Check dodd-frank.com frequently for updated information on the JOBS Act, the Dodd-Frank Act and other important securities law matters.

Yesterday, the CFTC voted to approve a new position limits rule that resembles the agency’s previous short-lived rule (vacated and now abandoned after court challenge), albeit with certain significant changes.

Affected Contracts

The position limits will apply to 28 core futures contracts in physical commodities and their “economically equivalent” futures, options, and swaps. The 28 contracts include 19 agricultural contracts, 5 metal contracts, and the following four energy contracts:

(1) NYMEX Henry Hub Natural Gas (NG);
(2) NYMEX Light Sweet Crude Oil (CL);
(3) NYMEX RBOB Gasoline (RB); and
(4) NYMEX NY Harbor ULSD (HO).

The CFTC provided new clarification that a swap may be considered “economically equivalent” to a futures contract when it is:

(1) a “look-alike” contract
(2) a contract with a reference price based on “only the combination of at least one referenced contract price and one or more prices in the same or substantially the same commodity as that underlying the relevant core referenced futures contract, provided that such a contract is not a locational basis swap”;
(3) an intercommodity spread contract with two reference price components, one or both of which are based on referenced contracts; or
(4) a contract priced at a fixed differential to a core referenced futures contract.

Spot-Month Limits

Spot-month position limits will generally be set at 25% of estimated deliverable supply, applied separately to physical-delivery and cash-settled contracts in the same commodity. Traders with only cash-settled positions in a commodity in the spot month may be eligible for an exemption allowing them to hold up to five-times the level of the normal cash-settled limit. Initial spot-month limits will be based on limit levels currently in place at designated contract markets (DCMs) or on estimates of deliverable supply in a commodity submitted by a DCM. Subsequent levels will be adjusted at least every two years and will be based on deliverable supply.

Non-Spot-Month Limits

Non-spot-month position limits (applied to positions in all contract months combined or in a single contract month outside of the spot month) will be set at 10% of the contract’s first 25,000 contracts of open interest plus 2.5 percent of any open interest beyond that.
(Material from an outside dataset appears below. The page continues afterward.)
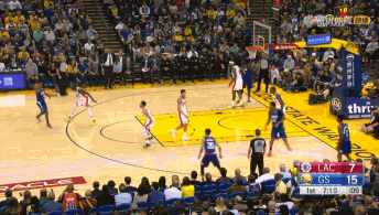 第三节结束前59.5秒,库里抓住机会完成一次暴扣,给甲骨文球馆的球迷送上了一份大礼。不过因为快船提前犯规,这一球并未算进。即便如此,勇士主场球迷仍非常兴奋。

Open interest will be based on the sum of open interest in futures and cleared and uncleared swaps. Initial non-spot-month position limits will be based on open interest in futures and swaps that are significant price discovery contracts. Subsequent levels will be adjusted at least every two years based on referenced contract open interest for a calendar year.

Bona Fide Hedge Exemptions

As before, bona fide hedge positions will be exempt from the position limits. However, statements by Commissioners O’Malia and Wetjen indicate that the bona fide hedge exemption for anticipatory hedges has been narrowed significantly and that the Section 1.47 process for seeking exemptions for non-enumerated hedges has been eliminated. These important aspects of the rule are sure to draw significant attention from end users who rely on the hedge exemption with respect to their own positions or are concerned about the effects of the position limits rule on market liquidity.
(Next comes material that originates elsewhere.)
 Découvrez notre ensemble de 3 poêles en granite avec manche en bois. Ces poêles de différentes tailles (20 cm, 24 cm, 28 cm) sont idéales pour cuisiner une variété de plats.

Aggregation of Positions Across Affiliates

The CFTC also released the text of its companion “aggregation” rule to the position limits rule, which is similar to its previous aggregation proposals. Subject to certain exemptions, the rule requires “all positions in accounts for which any person . . . controls trading or holds a 10 percent or greater ownership or equity interest” to be aggregated with the positions held and trading done by such person.

Exemptions from aggregation are available with respect to:

(1) Limited partners, limited members, shareholders or other similar types of pool participants holding 10 percent or greater ownership in a pool, subject to certain further requirements.

(2) Entities in which a person holds between a 10 percent and 50 percent ownership or equity interest, provided that such person and the owned entity: (A) do not have knowledge of the trading decisions of the other; (B) trade pursuant to separately developed and independent trading systems; (C) have and enforce written procedures to preclude each from having knowledge of, gaining access to, or receiving data about, trades of the other; (D) do not share employees that control the trading decisions of either; and (E) do not have risk management systems that permit the sharing of trades or trading strategy.

(3) Entities in which a person holds greater than 50 percent ownership, as long as the entity is not required to be consolidated on the person’s financial statements under GAAP, requirements (A) through (E) above are met, and certain certifications are made, subject to the approval of the CFTC.

(4) Subject to additional requirements: futures commission merchants, independent account controllers, underwriters, broker-dealers, persons for which the sharing of information associated with aggregation would create a reasonable risk of violation of other law, and higher-tier entities with respect to an owned entity that has already filed a notice of exemption.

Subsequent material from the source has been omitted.